## Stored data:
#####
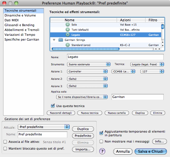 Le opzioni contenute in questa sezione della finestra di dialogo Preferenze di Human Playback determinano il modo in cui Human Playback interpreta le tecniche di esecuzione specifiche degli strumenti (come il pizzicato, il mute, e così via). Potete abilitare o disabilitare le singole tecniche e personalizzarle per adeguarle ancor meglio alle vostre esigenze. Il set Preferenze predefinite contiene le impostazioni predefinite per le tecniche e gli effetti strumentali che vengono utilizzate con gli strumenti della GPO nella versione integrale, nella versione per FInale e in quella JABB, nonché per il violino solo Stradivari. Molte di queste tecniche sono vincolate agli strumenti dotati di keyswitch;. per poterne sentire gli effetti in playback devono essere caricate queste versioni degli strumenti e devono essere utilizzate in partitura le apposite espressioni, articolazioni, ecc, configurate come attivatori delle tecniche - si veda la sezione Keyswitches.
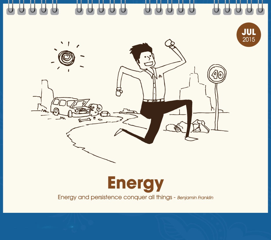 | Các chủ đề của tháng như cần thêm năng lượng, vượt qua thử thách, cần phải có sự phối hợp kết nối với các bộ phận khác (energy, challenge, connection). |
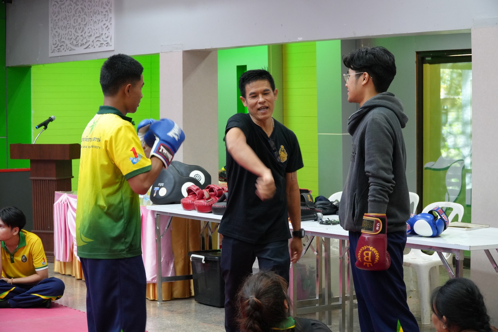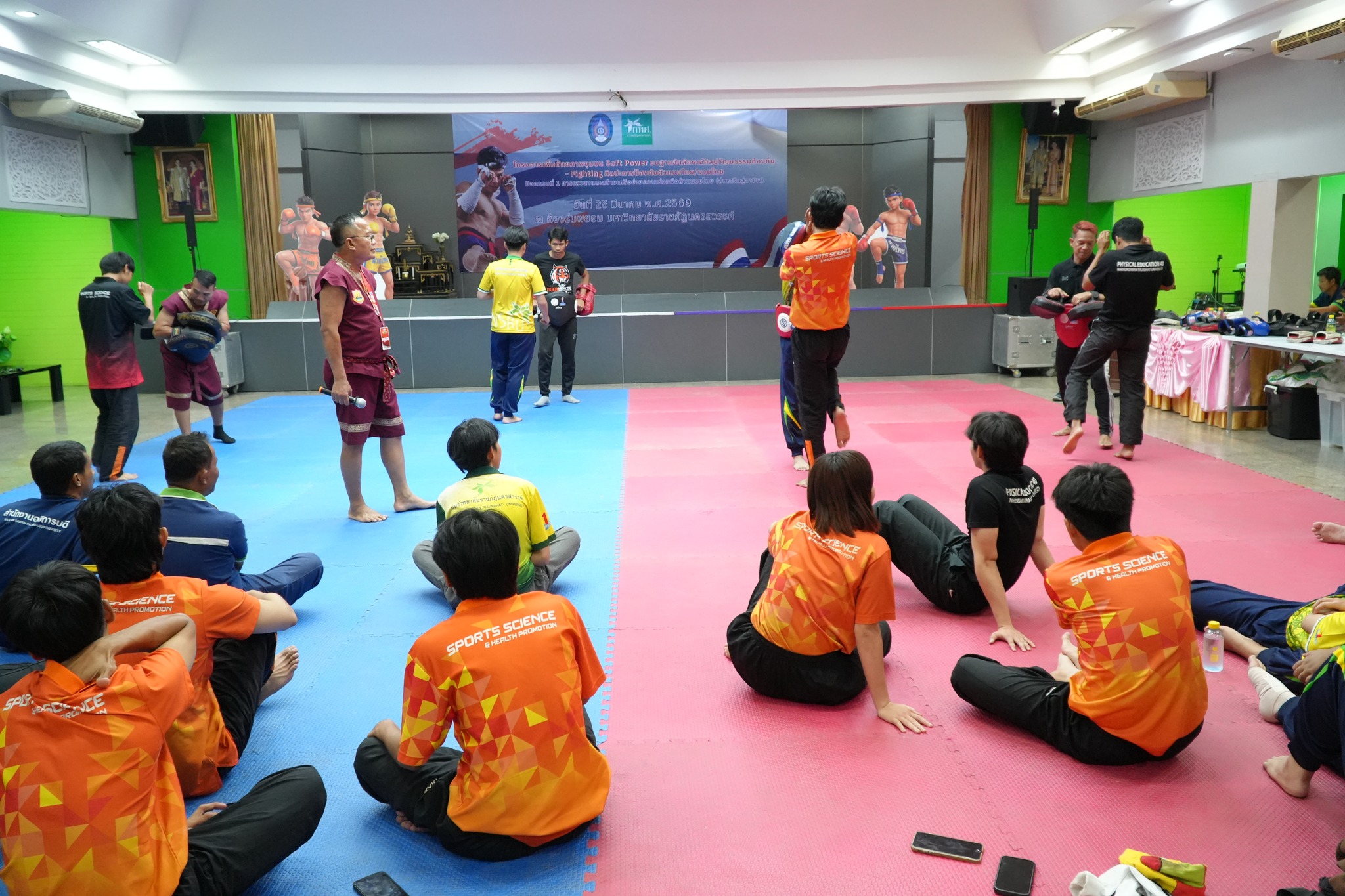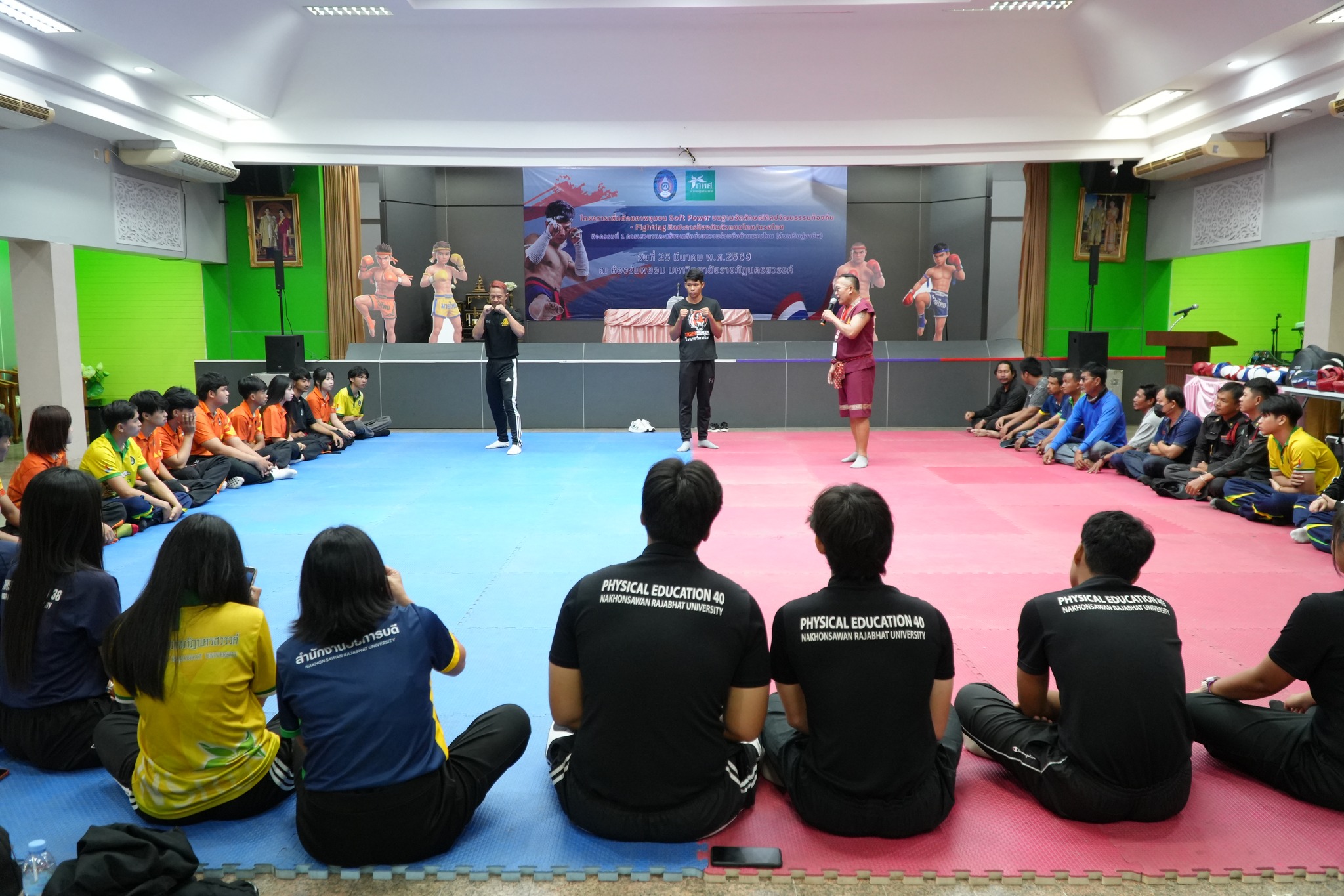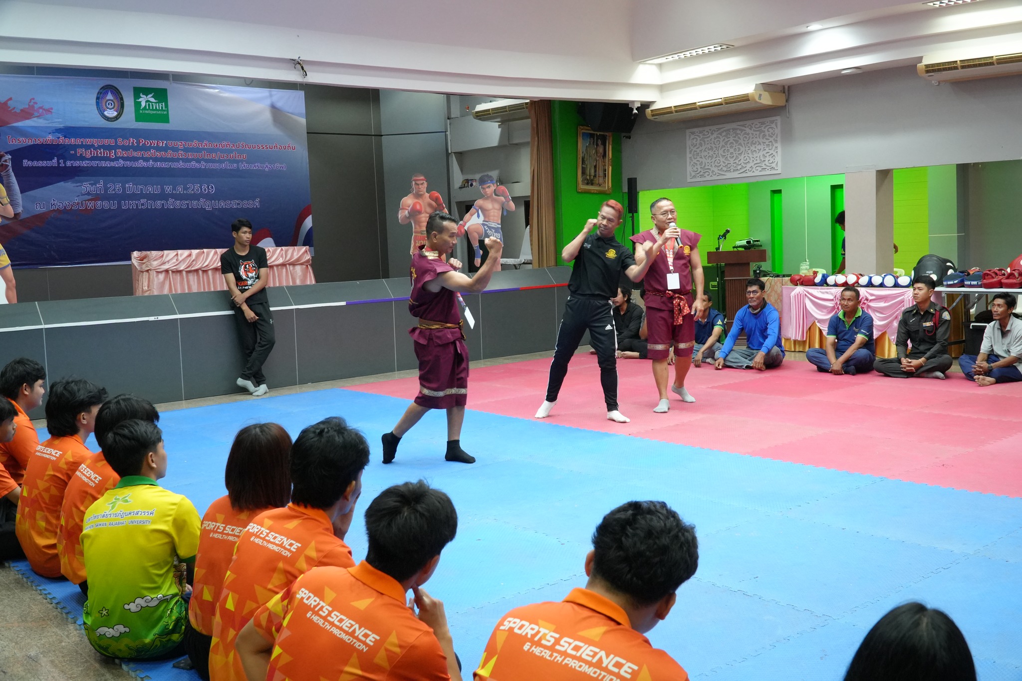 ภายในกิจกรรม ผู้เข้าร่วมซึ่งเป็นนักศึกษาและบุคลากรที่สนใจ ได้รับทั้งความรู้เชิงทฤษฎีและการฝึกปฏิบัติจริงอย่างเข้มข้น โดยมีวิทยากรผู้เชี่ยวชาญ ได้แก่ อาจารย์สมพงษ์ แก้วกัณหา จากค่ายมวย ช.ไทยเศรษฐ์ คุณณกรณ์ ศรีจิ๋ว และ จ่าสิบตำรวจ กฤษณะ วรรณสุทธะ ร่วมถ่ายทอดองค์ความรู้ด้านมวยไทย ตั้งแต่พิธีไหว้ครู ทักษะพื้นฐาน “นวอาวุธ” การเตะ เข่า ศอก การฝึกซ้อมกับเป้าล่อ (Pad Work) ตลอดจนเทคนิคการป้องกันตัวในสถานการณ์จริง
#####
## Task requirements:
With the pictures set aside, return each line of the listing exactly as given.

## Solved problem:
 Le opzioni contenute in questa sezione della finestra di dialogo Preferenze di Human Playback determinano il modo in cui Human Playback interpreta le tecniche di esecuzione specifiche degli strumenti (come il pizzicato, il mute, e così via). Potete abilitare o disabilitare le singole tecniche e personalizzarle per adeguarle ancor meglio alle vostre esigenze. Il set Preferenze predefinite contiene le impostazioni predefinite per le tecniche e gli effetti strumentali che vengono utilizzate con gli strumenti della GPO nella versione integrale, nella versione per FInale e in quella JABB, nonché per il violino solo Stradivari. Molte di queste tecniche sono vincolate agli strumenti dotati di keyswitch;. per poterne sentire gli effetti in playback devono essere caricate queste versioni degli strumenti e devono essere utilizzate in partitura le apposite espressioni, articolazioni, ecc, configurate come attivatori delle tecniche - si veda la sezione Keyswitches.
 | Các chủ đề của tháng như cần thêm năng lượng, vượt qua thử thách, cần phải có sự phối hợp kết nối với các bộ phận khác (energy, challenge, connection). |
 ภายในกิจกรรม ผู้เข้าร่วมซึ่งเป็นนักศึกษาและบุคลากรที่สนใจ ได้รับทั้งความรู้เชิงทฤษฎีและการฝึกปฏิบัติจริงอย่างเข้มข้น โดยมีวิทยากรผู้เชี่ยวชาญ ได้แก่ อาจารย์สมพงษ์ แก้วกัณหา จากค่ายมวย ช.ไทยเศรษฐ์ คุณณกรณ์ ศรีจิ๋ว และ จ่าสิบตำรวจ กฤษณะ วรรณสุทธะ ร่วมถ่ายทอดองค์ความรู้ด้านมวยไทย ตั้งแต่พิธีไหว้ครู ทักษะพื้นฐาน “นวอาวุธ” การเตะ เข่า ศอก การฝึกซ้อมกับเป้าล่อ (Pad Work) ตลอดจนเทคนิคการป้องกันตัวในสถานการณ์จริง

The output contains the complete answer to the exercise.